LISTED RECORDS:
*** Begin section ***

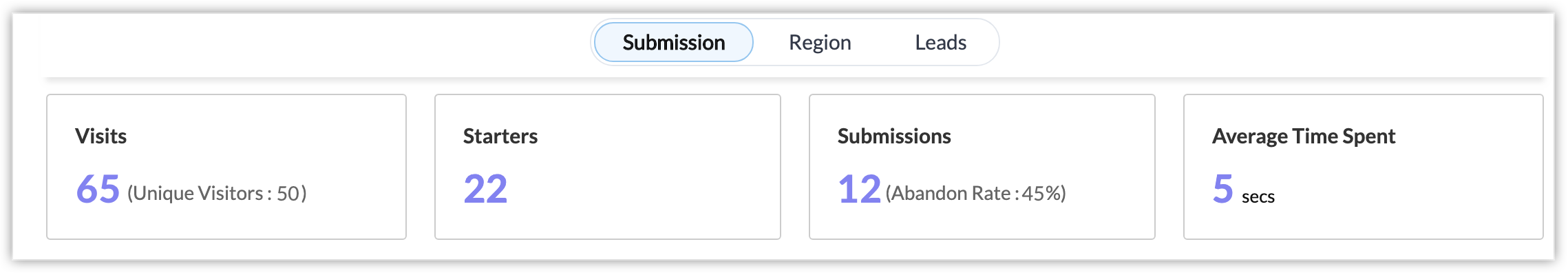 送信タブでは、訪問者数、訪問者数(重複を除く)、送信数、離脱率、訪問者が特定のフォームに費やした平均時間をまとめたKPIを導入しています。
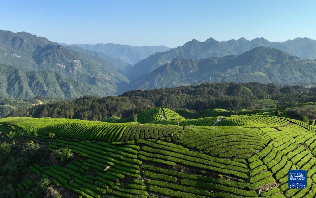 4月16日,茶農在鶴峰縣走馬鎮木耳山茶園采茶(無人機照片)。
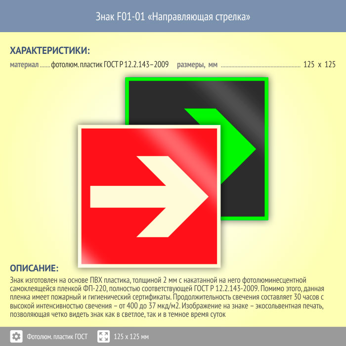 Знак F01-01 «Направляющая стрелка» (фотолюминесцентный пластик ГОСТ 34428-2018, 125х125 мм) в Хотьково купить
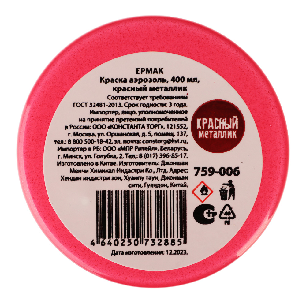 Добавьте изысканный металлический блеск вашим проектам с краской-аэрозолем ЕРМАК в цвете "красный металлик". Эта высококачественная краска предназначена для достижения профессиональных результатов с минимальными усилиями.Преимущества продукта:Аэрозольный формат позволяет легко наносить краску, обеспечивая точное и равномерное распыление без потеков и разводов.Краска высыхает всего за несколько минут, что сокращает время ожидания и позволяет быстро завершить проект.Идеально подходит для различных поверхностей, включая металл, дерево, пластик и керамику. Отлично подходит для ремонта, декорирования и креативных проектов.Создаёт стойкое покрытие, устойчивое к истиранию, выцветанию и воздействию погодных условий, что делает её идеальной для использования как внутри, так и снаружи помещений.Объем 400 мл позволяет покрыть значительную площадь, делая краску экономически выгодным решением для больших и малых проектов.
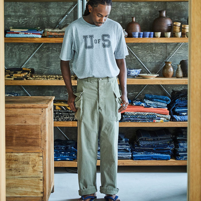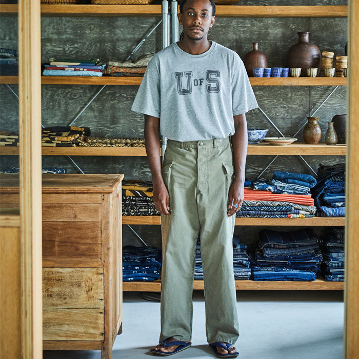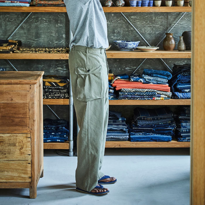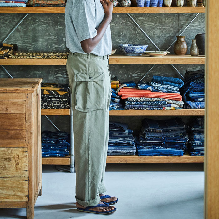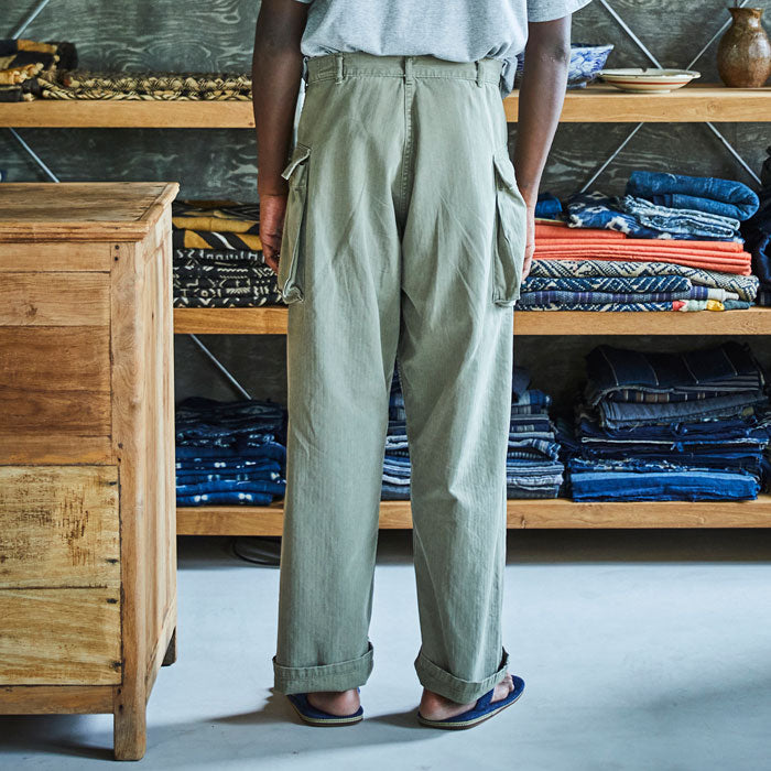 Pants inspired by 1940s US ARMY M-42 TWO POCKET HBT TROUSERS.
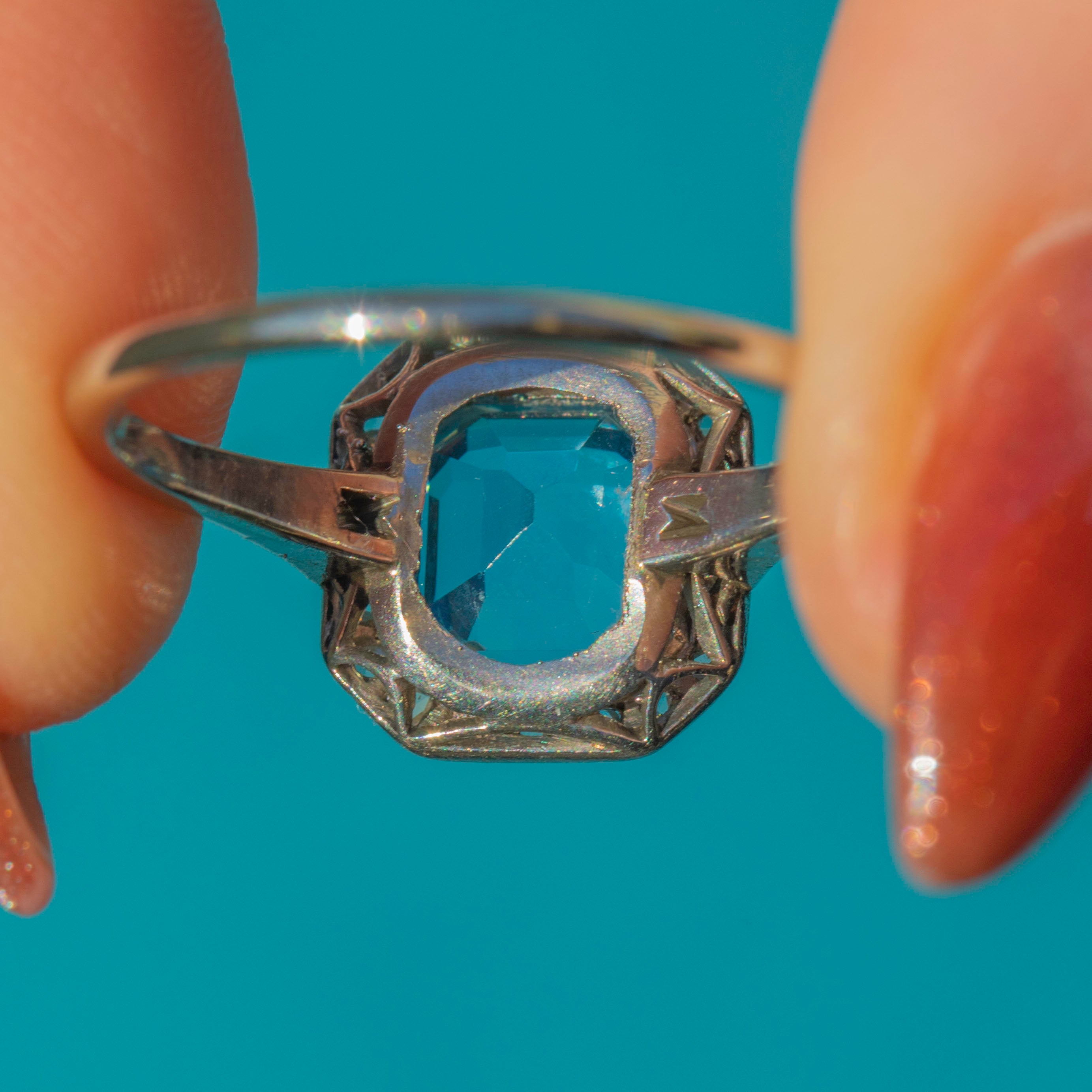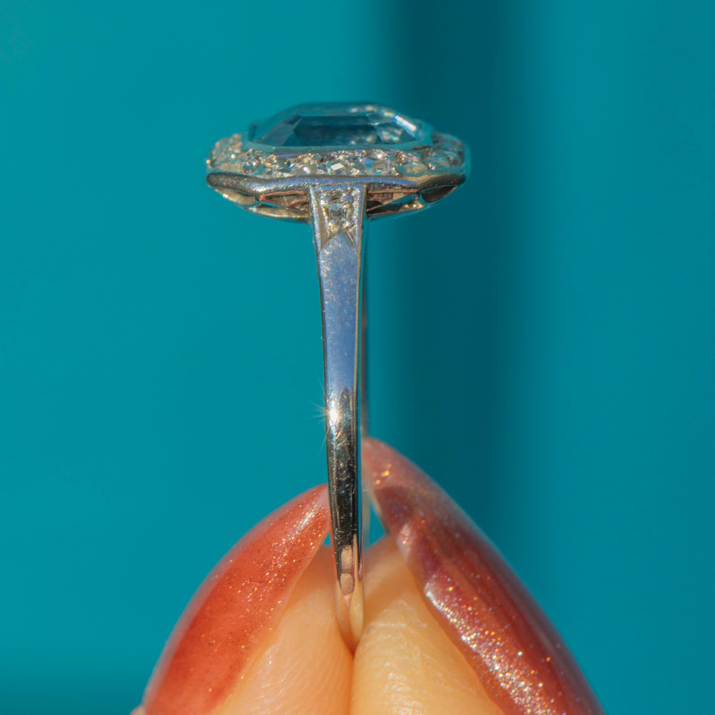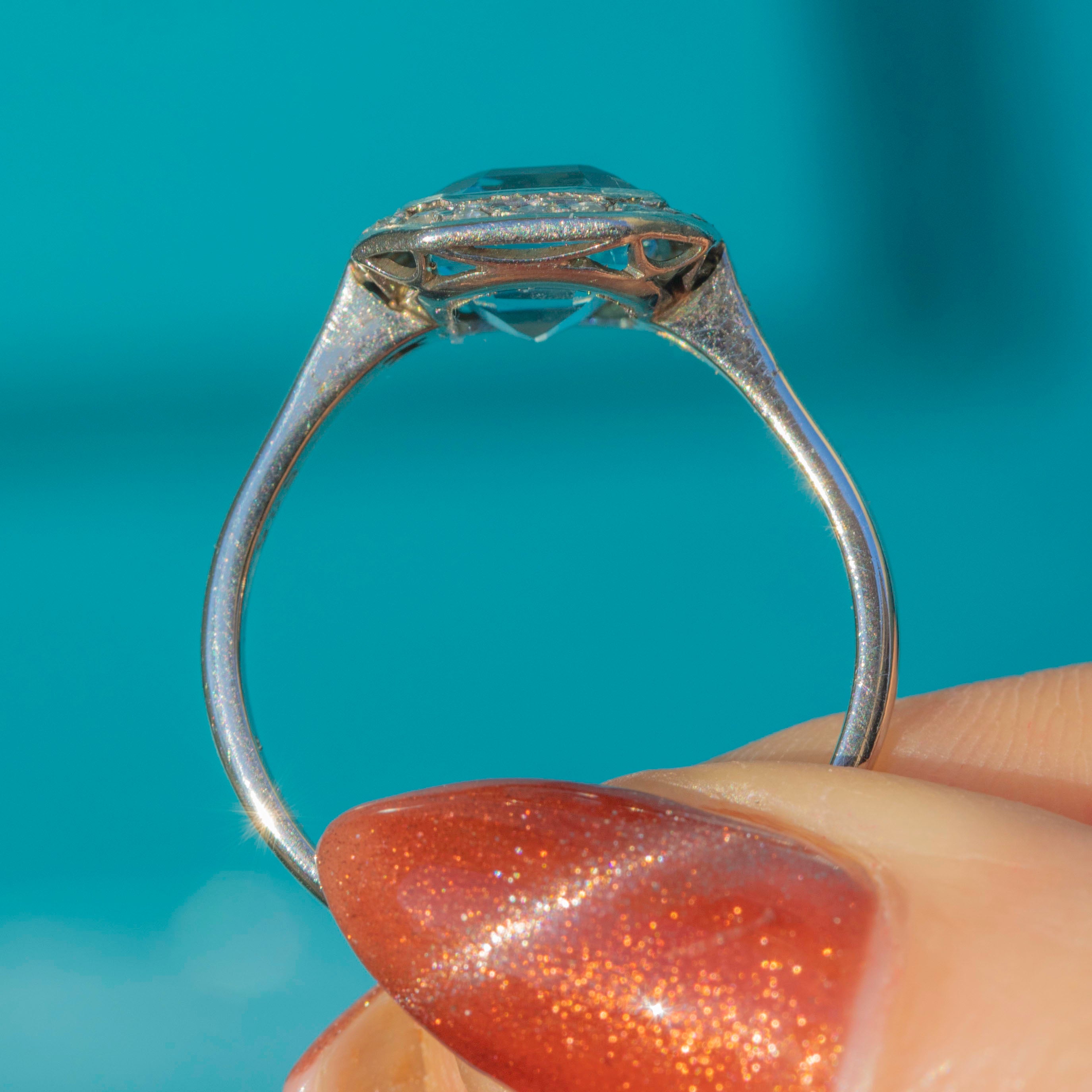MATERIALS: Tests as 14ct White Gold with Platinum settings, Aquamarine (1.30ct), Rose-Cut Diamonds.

*** End section ***
*** Begin section ***

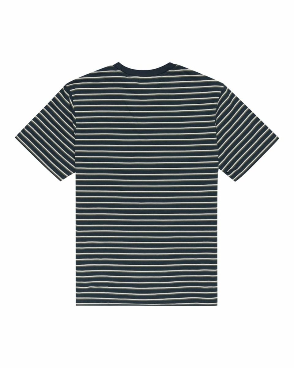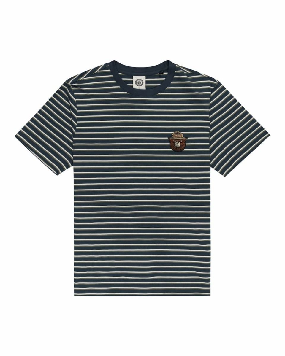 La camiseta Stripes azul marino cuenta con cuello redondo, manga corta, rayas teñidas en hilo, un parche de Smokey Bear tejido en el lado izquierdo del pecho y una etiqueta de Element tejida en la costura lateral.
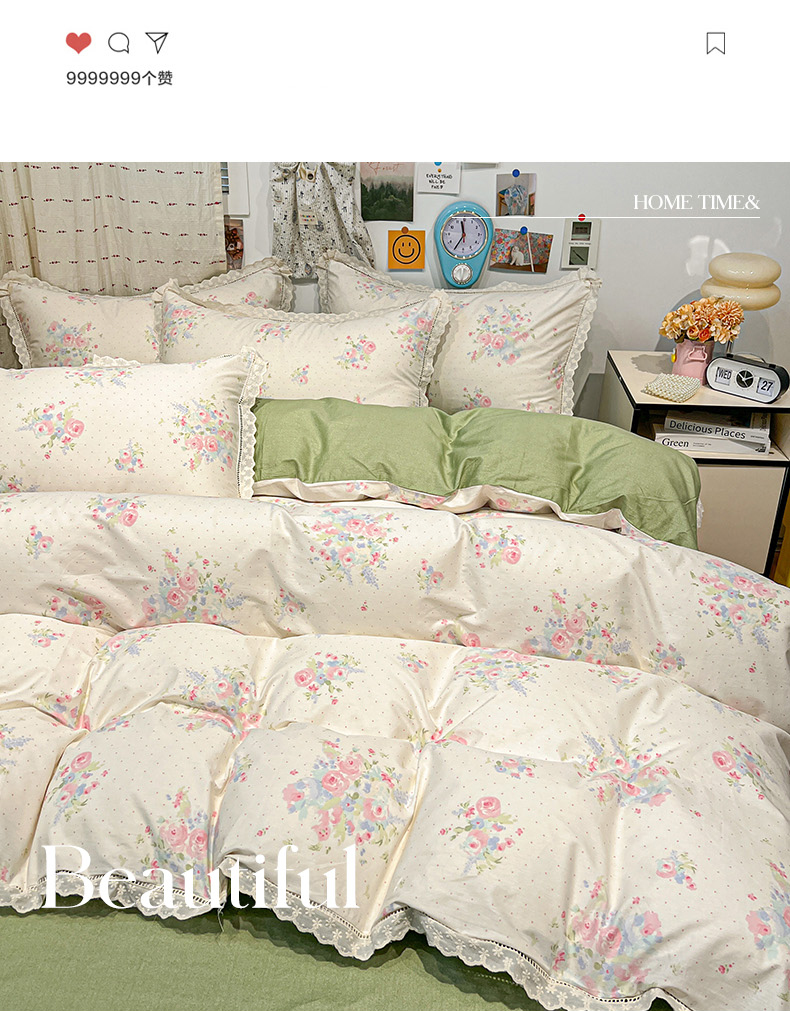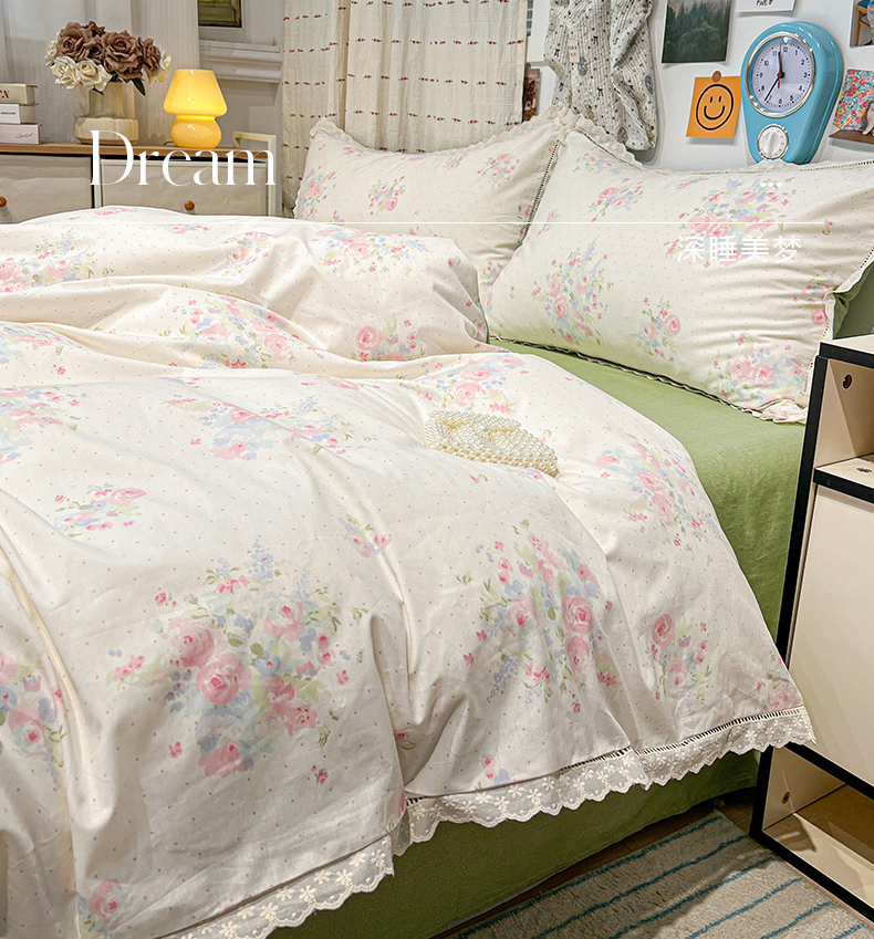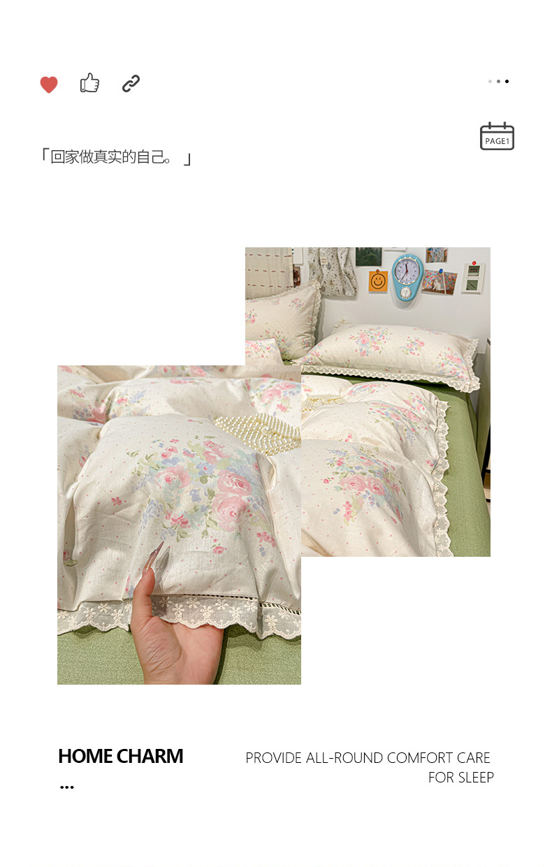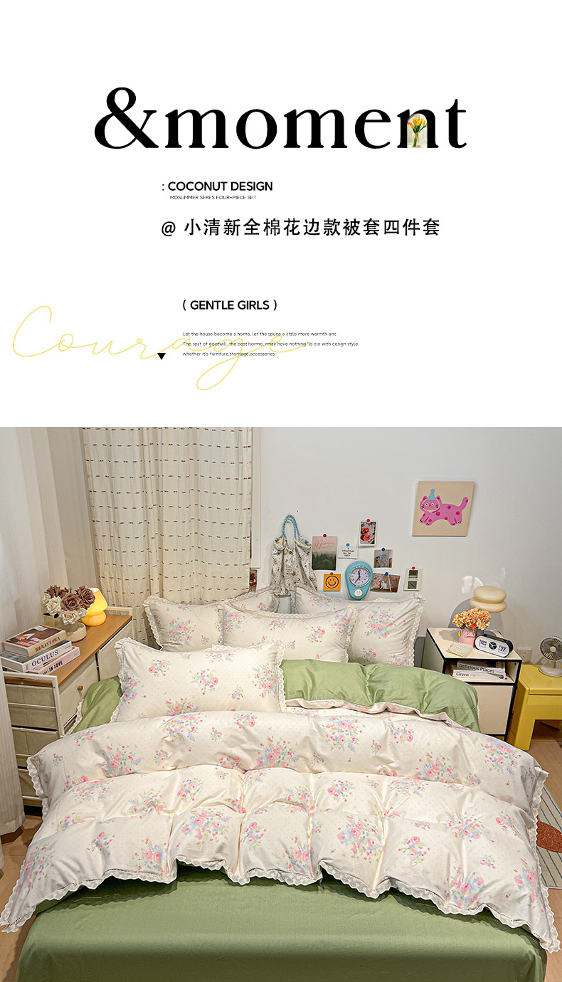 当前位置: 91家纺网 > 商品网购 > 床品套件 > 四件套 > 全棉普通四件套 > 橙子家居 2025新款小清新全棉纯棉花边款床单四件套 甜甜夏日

*** End section ***

EXERCISE GOAL:
Range to copy from the listing above: the line with "Pants inspired by" through the line with "MATERIALS: Tests as". Transcribe it exactly and skip the pictures.

SOLUTION FOR THIS EXERCISE:
 Pants inspired by 1940s US ARMY M-42 TWO POCKET HBT TROUSERS.
MATERIALS: Tests as 14ct White Gold with Platinum settings, Aquamarine (1.30ct), Rose-Cut Diamonds.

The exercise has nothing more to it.